▸ PROBLEM REQUIREMENTS:
You are asked to repeat the listing word for word and to leave out its pictures.

START COLLECTED MATERIAL

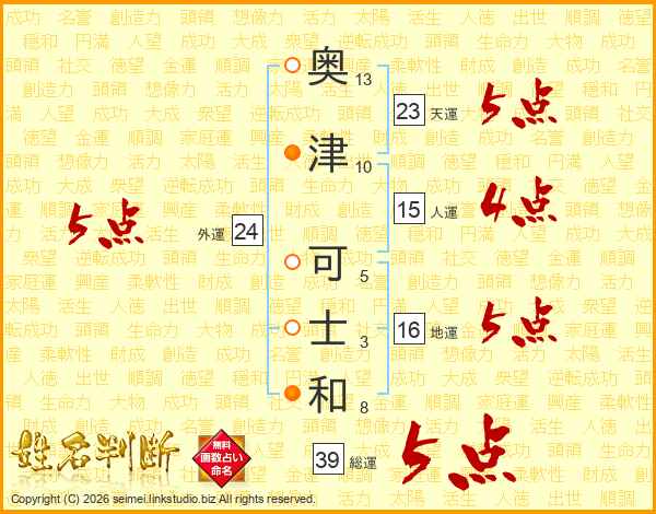 奥(13画)津(10画) 可(5画)士(3画)和(8画)
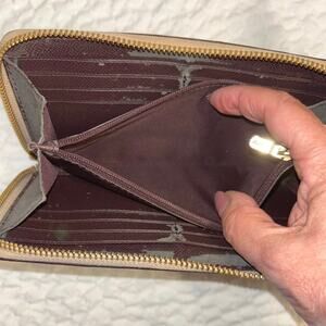 Coach Zippy Beige Patent Leather Wallet. Preloved. Outside great condition. Peeling inside but not sticky. See pictures for more details.
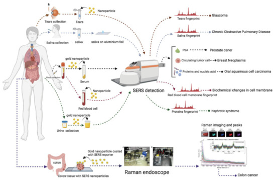 - Xi, X.; Liang, C. Perspective of future SERS clinical application based on current status of Raman spectroscopy clinical trials. Front. Chem. 2021, 9, 665841. [Google Scholar] [CrossRef]
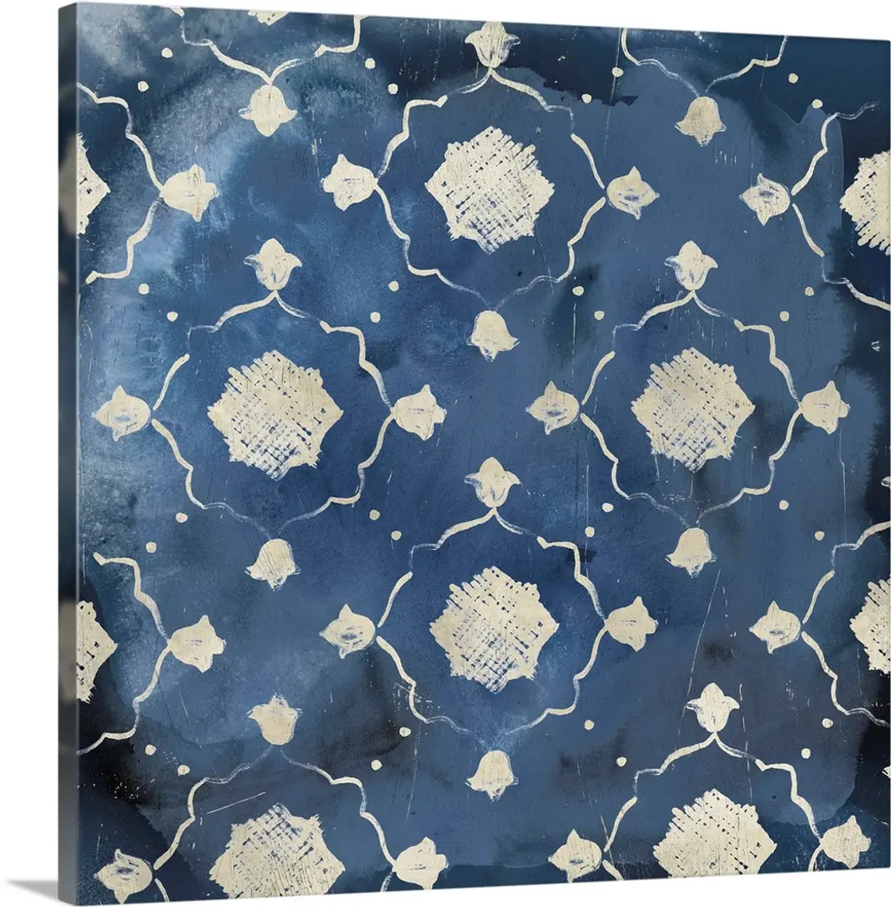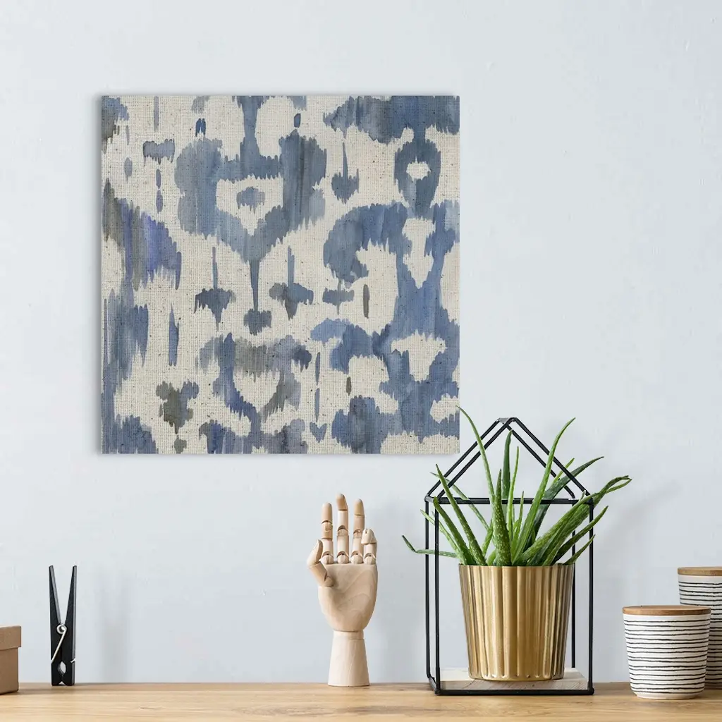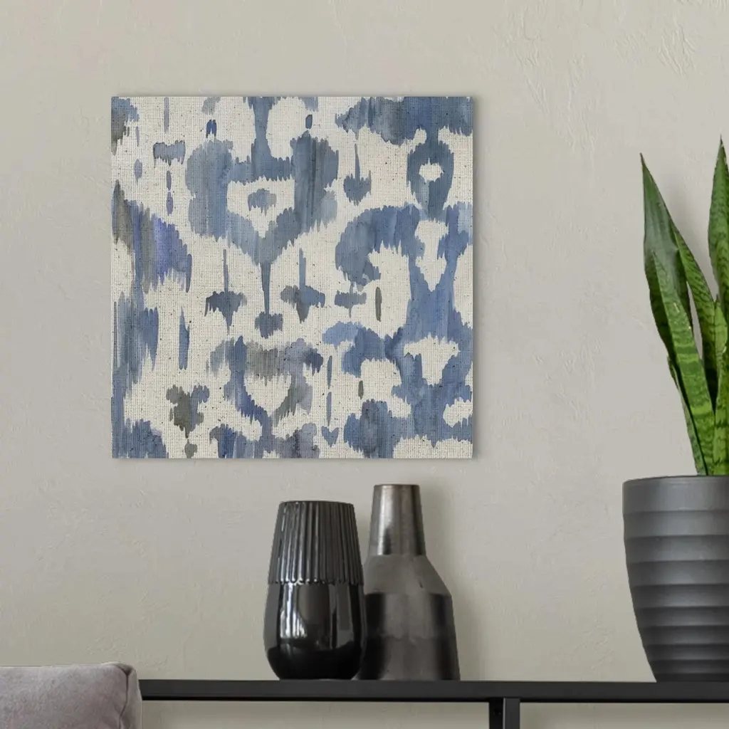 Watercolor painting of decorative patterns in shades of blue and gray on a textured linen backdrop.

END COLLECTED MATERIAL

▸ ANSWER:
 奥(13画)津(10画) 可(5画)士(3画)和(8画)
 Coach Zippy Beige Patent Leather Wallet. Preloved. Outside great condition. Peeling inside but not sticky. See pictures for more details.
 - Xi, X.; Liang, C. Perspective of future SERS clinical application based on current status of Raman spectroscopy clinical trials. Front. Chem. 2021, 9, 665841. [Google Scholar] [CrossRef]
 Watercolor painting of decorative patterns in shades of blue and gray on a textured linen backdrop.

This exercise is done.